4.4.5. Measuring sampling strategies#
Finally, we look at the cross-entropy of these various sampling strategies. As before, we use a baseline that corresponds to the mean bigram probabilities in the corpus.
N = 10
baseline = np.repeat(bigram_df["prob"].mean(), N)
print(baseline)
[0.38676428 0.38676428 0.38676428 0.38676428 0.38676428 0.38676428
0.38676428 0.38676428 0.38676428 0.38676428]
A for
loop will implement the generation:
results = {"weighted": [], "greedy": [], "topk": []}
for strategy, sampler in samplers.items():
for _ in range(100):
sequence, metadata = generate_from_sampler(
unigram_df, bigram_df, bigram_probs, sampler, N = N
)
cross_entropy = calculate_cross_entropy(baseline, metadata["prob"])
results[strategy].append(cross_entropy)
Now we look at the results, which we transform into perplexity scores.
perplexity = pd.DataFrame(results)
for col in perplexity.columns:
perplexity[col] = np.exp2(perplexity[col].mean())
print(perplexity.mean().sort_values())
greedy 4115.834739
weighted 5047.784690
topk 5189.935375
dtype: float64
These are poor—but unsurprising—results. With the bigram probabilities skewing to one-to-one relationships or one-to-dozens, there is effectively no way to generalize across all types of bigrams in the corpus.

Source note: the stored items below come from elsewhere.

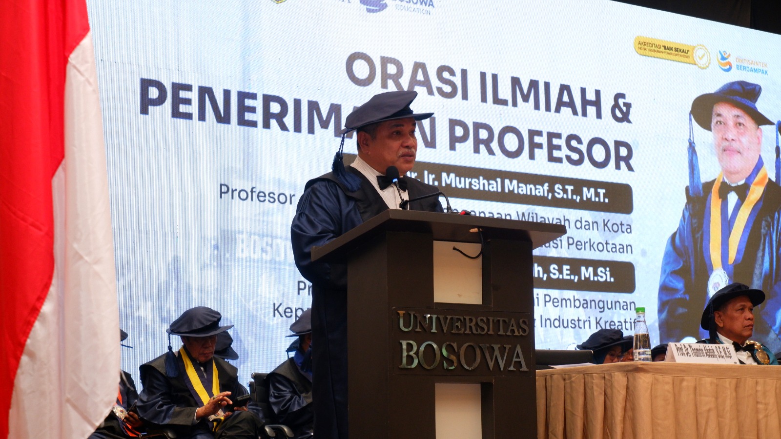 Momentum bersejarah kembali tercipta di lingkungan akademik Universitas Bosowa (Unibos) dengan dikukuhkannya Prof. Dr. Ir. Murshal Manaf, S.T., M.T. sebagai Guru Besar dalam bidang Perencanaan Wilayah dan Kota yang berfokus pada kepakaran moda transportasi perkotaan. Prosesi orasi ilmiah dan penerimaan jabatan profesor tersebut berlangsung khidmat pada Rabu, 8 Oktober 2025, di Balai Sidang Unibos, disaksikan oleh Ketua Senat Prof. Dr. Ir. Batara Surya, ST., M.Si., Ketua LLDIKTI IX Dr. Andi Lukman, M.Si., Ketua Dewan Profesor Prof. Dr. Ir. A. Muhibuddin, M.P., Ketua BPH Yayasan Aksa Mahmud Asrul Hidayat, serta jajaran profesor, dekan, dosen, dan keluarga besar Unibos.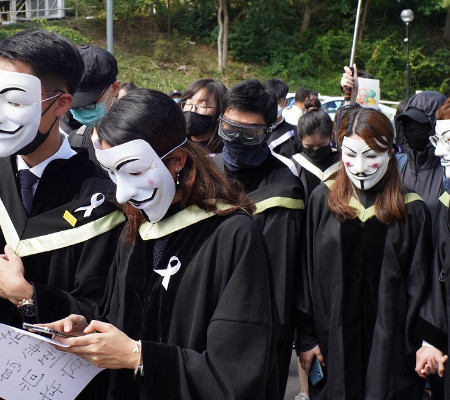Os universitários entoavam palavras de ordem como "Façam a revolução, libertem Hong Kong!" e "Uma saída, Hong Kong independente!", entre vários outros slogans, como parte de uma cerimônia de formatura improvisada.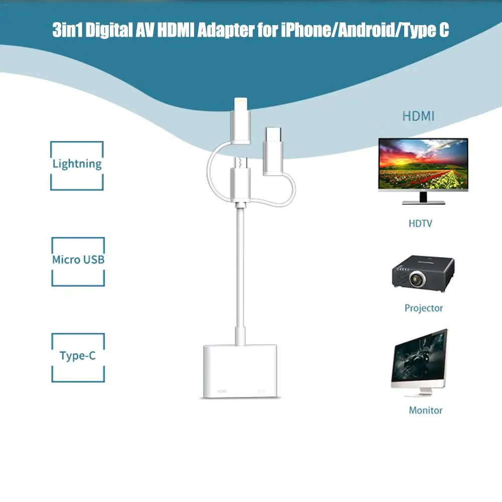 Lightning подключение к HDMI TV AV кабель адаптер для IPad IPhone Android Type C HDMI кабель

But consider what the results do tell us: greedy sampling performs the best by this metric. Since it always picks the most likely token, its selection will push toward the center of the probability mass, whereas the other two strategies allow tokens from outside that center. Even so, the latter two strategies produce more readable text, at least by our standards as human readers. This ends up being an important lesson: a model that performs well with respect to metrics does not necessarily mean it is a good model.